Officials and leaders in Brussels were still in the dark on Friday over what exactly Trump would like to talk about in order to prolong the exemptions after 1 May.

But leaders ruled out any bilateral trade negotiation with the US other than to adress the problem of overcapacities on the global steel and aluminium markets and other global trade issues.

Entering such talks would be "a spiral where we would all lose," German chancellor Angela Merkel warned.



French president Emmanuel Macron was more blunt.

"We talk about everything out of principle with a friendly country that respects the rules of the WTO," he said, adding: "We don't talk about anything out of principle with a gun to our head."

Macron said that the EU would be "willing to discuss all issues" if the US abided by the WTO rules, but insisted that the EU would show "no weakness in any sector, towards any country" under the present circumstances.

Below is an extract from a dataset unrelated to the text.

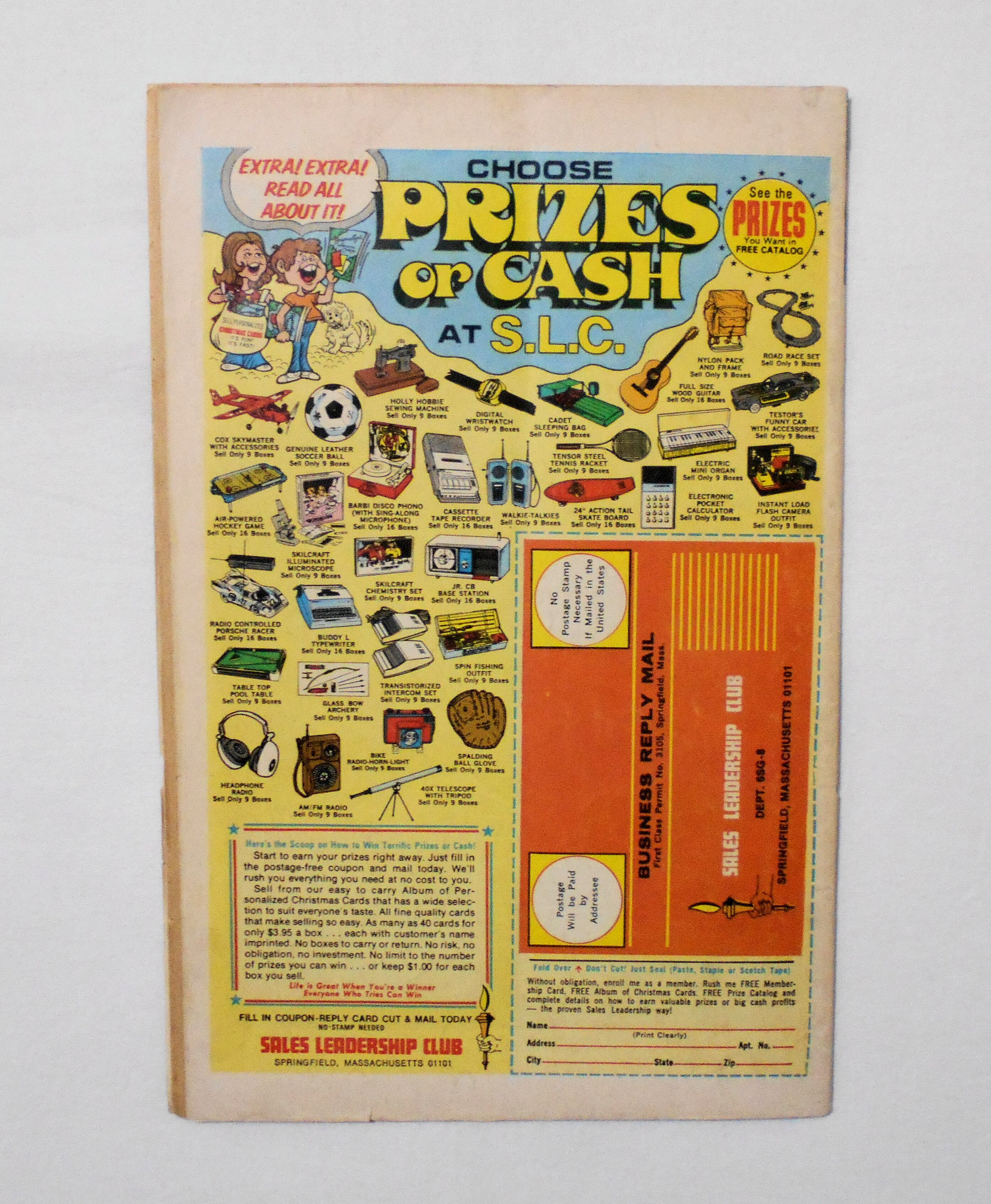 中央見開きページの下ホッチキス部分が本体から外れています。他、多少の擦れやシワ、黄ばみ、角の傷みや折れ、微破れ等があり、経年に伴う使用感は多少強めと言えますが、1970年代の輸入中古コミックですので、その点を考慮頂ければと思います。中は黄ばんでいますが、目立った汚れやシミ等はなく、おおむねきれいな状態ですので、読むのに支障はございません。新品同様の美品をお求めの方や、中古品にご理解を頂けない方にお薦めは出来ません。

EU leaders insisted on the need to maintain a dialogue with the US administration, but not within the 1 May deadline imposed by Trump.

European Commission president Jean-Claude Juncker argued that the date was "not realistic, given the broad issues we have to discuss."

EU trade commissioner Cecilia Malmstrom, the bloc's negotiator in the name of the 28 member states, said in a series of tweet that she was "look[ing] forward to pursuing a dialogue with the US", while also rejecting "artificial deadlines."

In Washington earlier this week, Malmstrom agreed with her US counterpart Robert Lighthizer to set up a working group to talk about "issues of common interest". But the format and the issues that would be on the table have not been agreed yet.

"We need to start as soon as possible," an EU source told EUobserver.